● ACTION ITEM:
Begin the copy at the line containing "毛ガニ半身と鮭・ホタテの漬け、いくら、鮭ぶしの海鮮丼をいただきました。" in the data below and end it at the line containing "2026-01-03 / 1338x1894", keeping each line exact and leaving out pictures.
─── PROVIDED ENTRIES
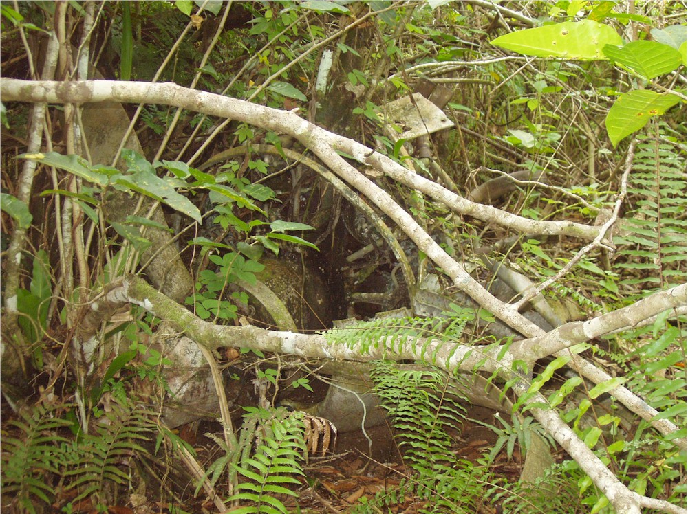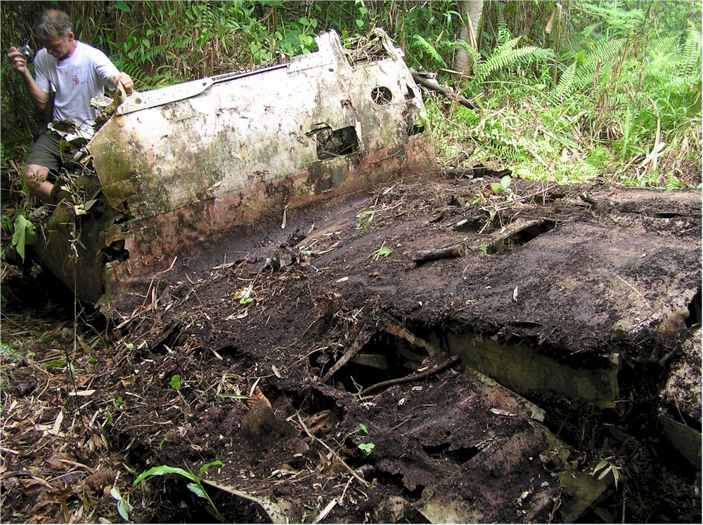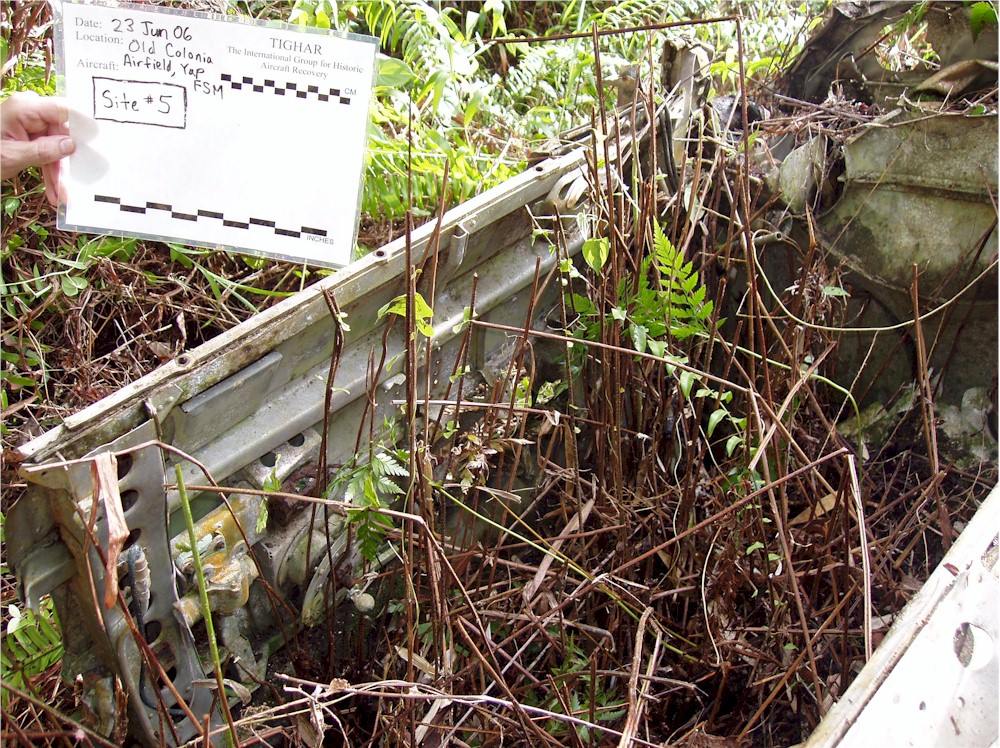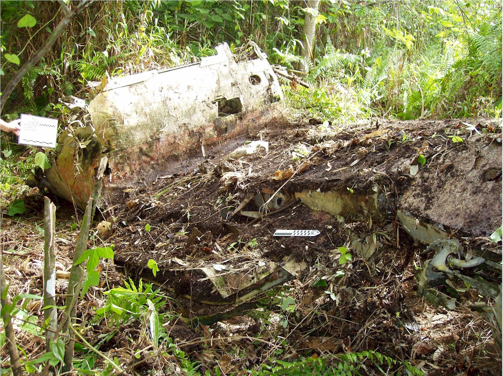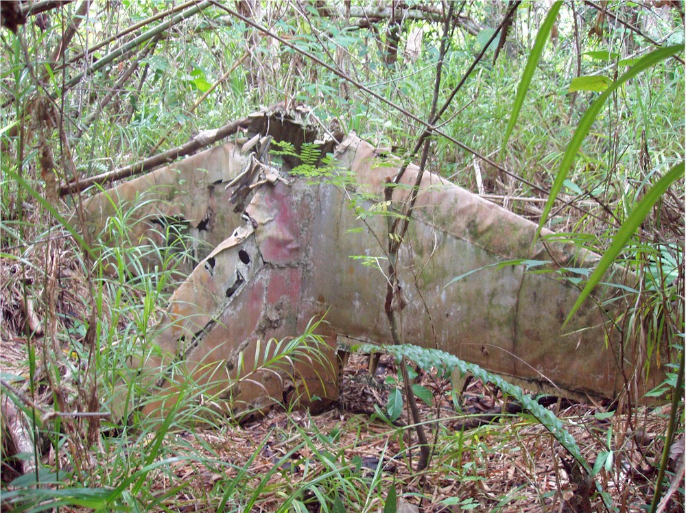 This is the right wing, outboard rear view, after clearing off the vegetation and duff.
──────
─── PROVIDED ENTRIES
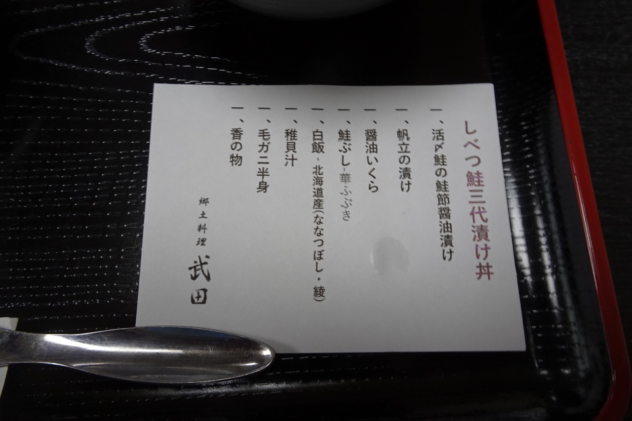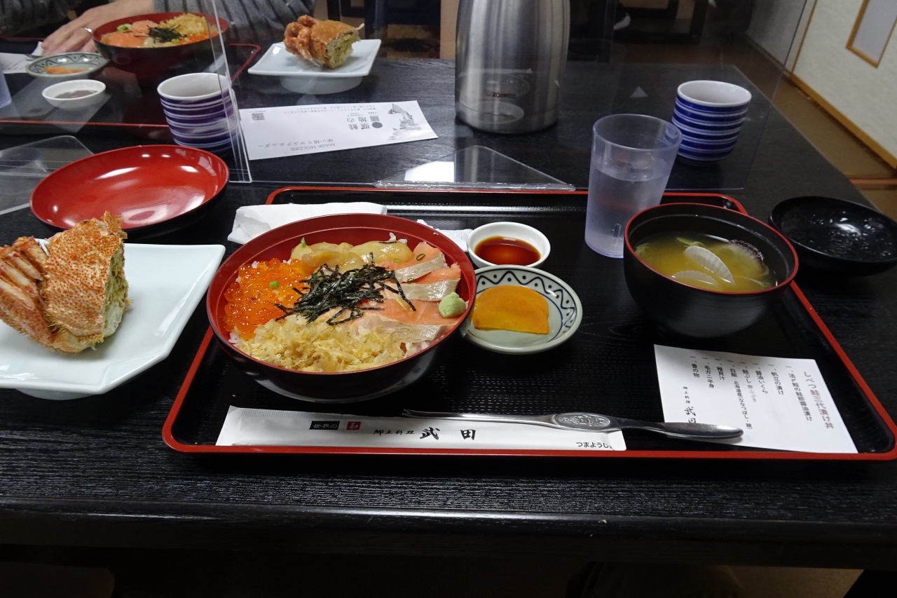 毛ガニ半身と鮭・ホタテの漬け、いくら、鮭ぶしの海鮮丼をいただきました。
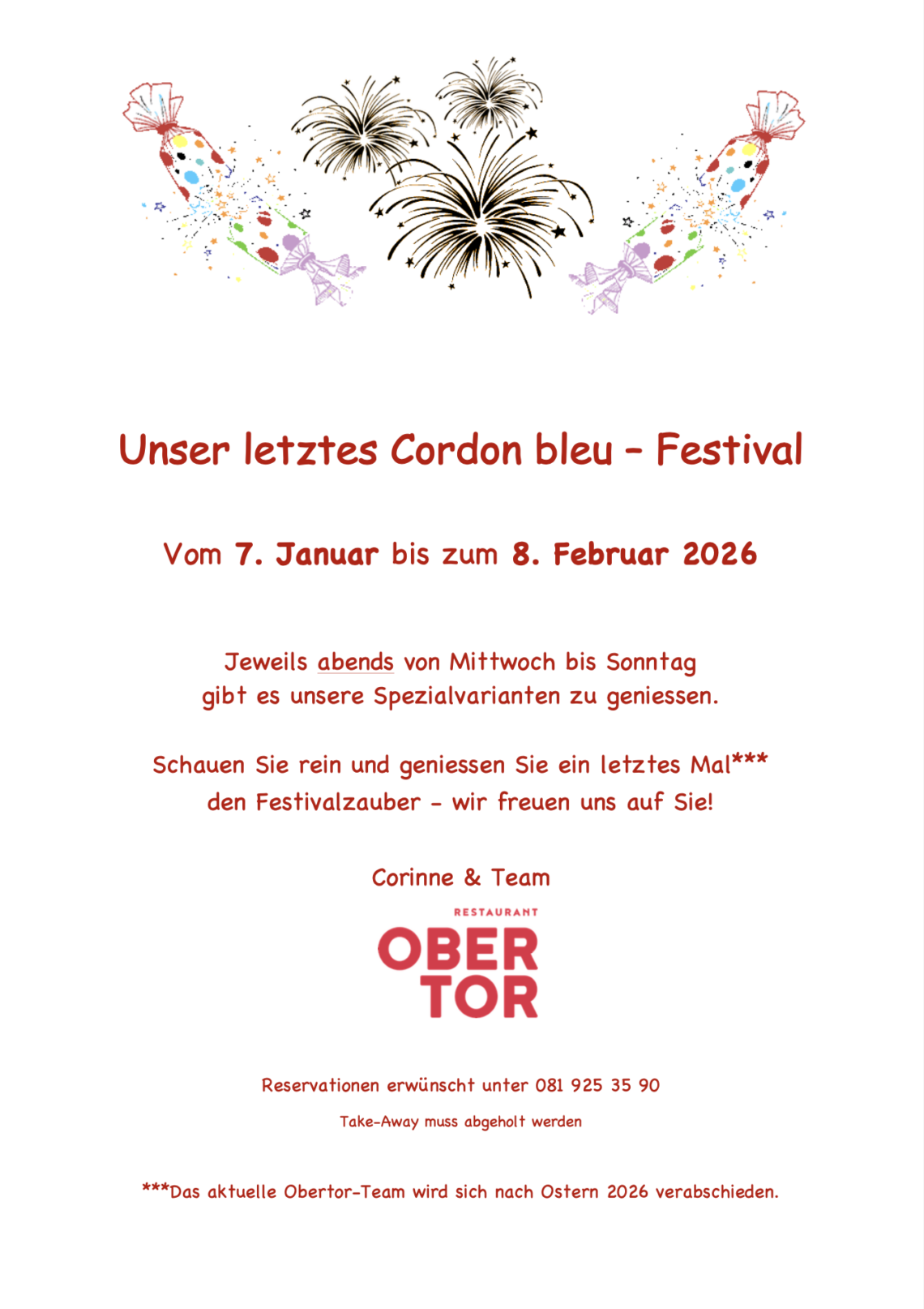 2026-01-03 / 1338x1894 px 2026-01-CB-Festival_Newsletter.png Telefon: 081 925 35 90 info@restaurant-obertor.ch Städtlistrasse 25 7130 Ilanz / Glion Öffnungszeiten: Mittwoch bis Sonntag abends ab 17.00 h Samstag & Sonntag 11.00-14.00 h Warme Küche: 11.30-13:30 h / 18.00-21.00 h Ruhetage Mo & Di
──────
● WRITTEN RESPONSE:
 毛ガニ半身と鮭・ホタテの漬け、いくら、鮭ぶしの海鮮丼をいただきました。
 2026-01-03 / 1338x1894 px 2026-01-CB-Festival_Newsletter.png Telefon: 081 925 35 90 info@restaurant-obertor.ch Städtlistrasse 25 7130 Ilanz / Glion Öffnungszeiten: Mittwoch bis Sonntag abends ab 17.00 h Samstag & Sonntag 11.00-14.00 h Warme Küche: 11.30-13:30 h / 18.00-21.00 h Ruhetage Mo & Di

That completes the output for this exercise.